Pope John Paul II was the most well-travelled pope in history, visiting 129 countries, journeying over a million kilometres and speaking to crowds of millions of the faithful. Sometimes his close proximity to large crowds brought him into peril, despite the armoured pope-mobile in which he often rode. In 1981 a Turkish militant, Mehmet Ali Agca, shot the pope twice with an automatic pistol, wounding him severely. Bullets perforated John Paul’s abdomen and he lost three-quarters of his blood; drastic surgery was undertaken but the pope credited the Virgin Mary with saving his life.

A year later, John Paul was visiting one of the Virgin’s most famous shrines, at Fátima in Portugal, when he was again attacked.
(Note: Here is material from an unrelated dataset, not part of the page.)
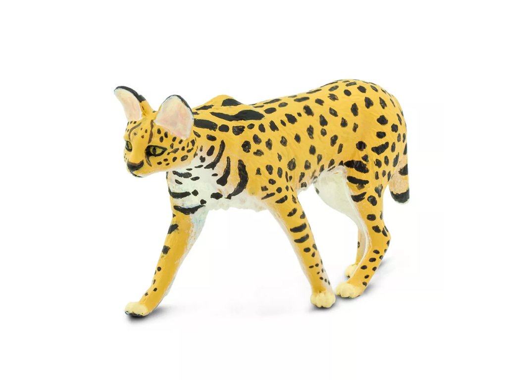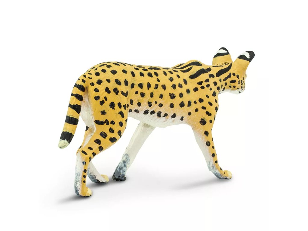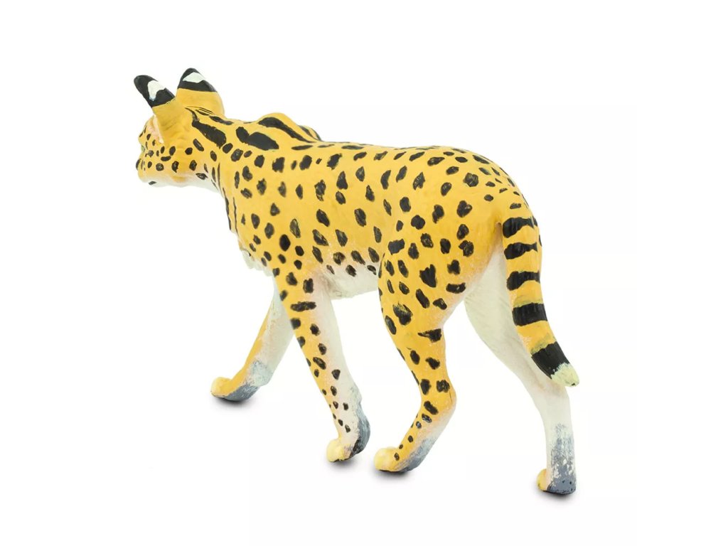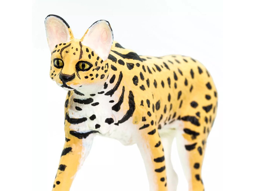 A részletesen kidolgozott szervál figura az elegáns afrikai macskafélét ábrázolja, jellegzetes színes mintázattal és hangsúlyos fülekkel. A modell alkalmas játékra és szemléltető oktatási bemutatókra is.
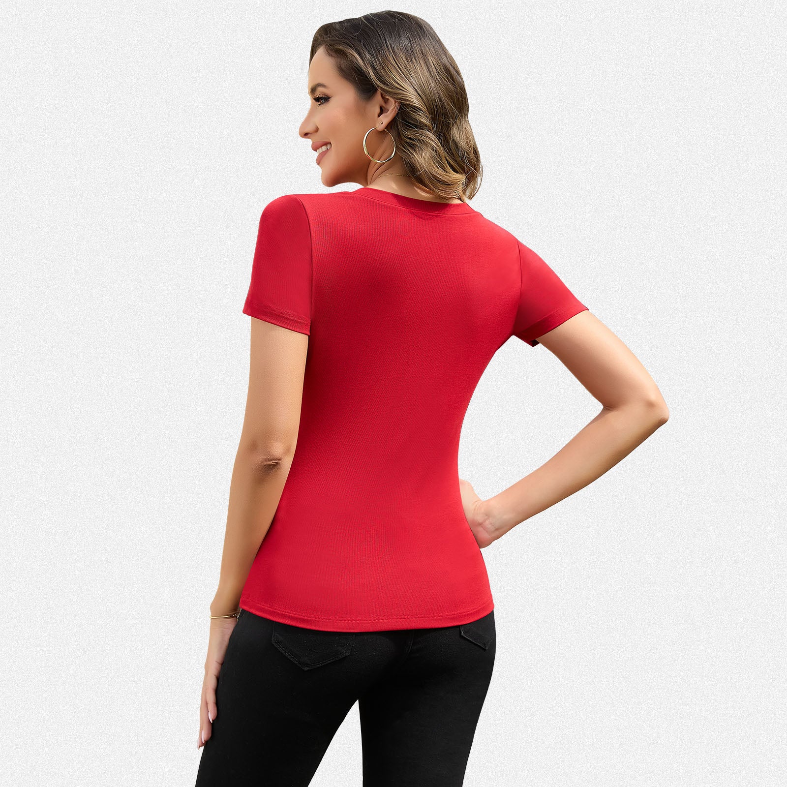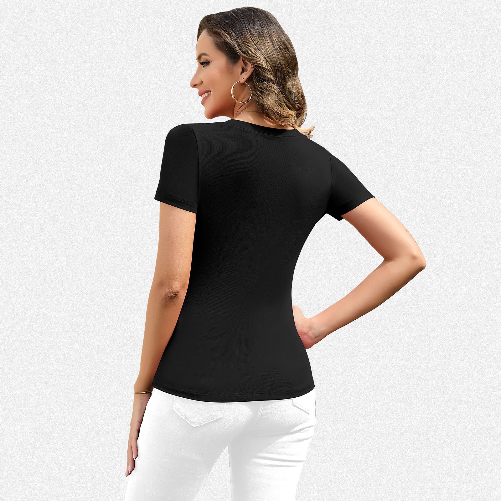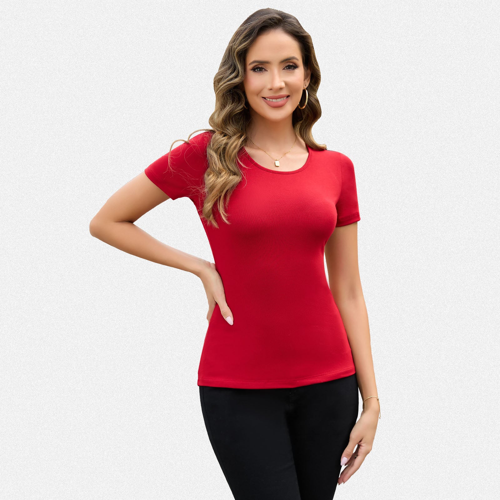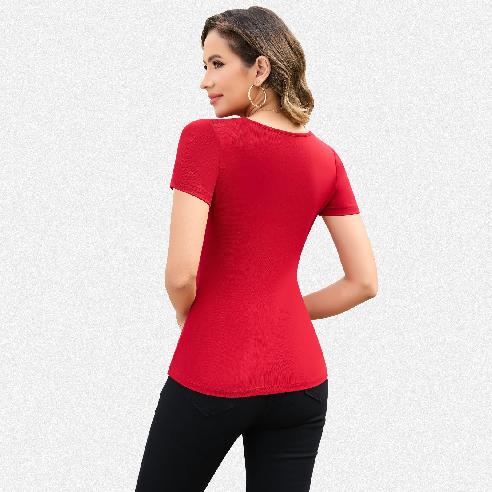 Shaperin Short Sleeve Crewneck Tops Slim Fit Blouse Round Neck T-Shirt

This time the weapon was  a bayonet and his attacker was not a fascist in the pay of the Soviet bloc, as it had been in 1981, but a Catholic priest who shouted “Down with the Pope, down with the Second Vatican Council”. Juan Maria Fernández y Krohn was a traditionalist cleric who had been ordained by renegade Cardinal Marcel Lefebvre of the ultra-conservative St Pius X Society. The wound he inflicted was not a serious one and the pope continued his visit.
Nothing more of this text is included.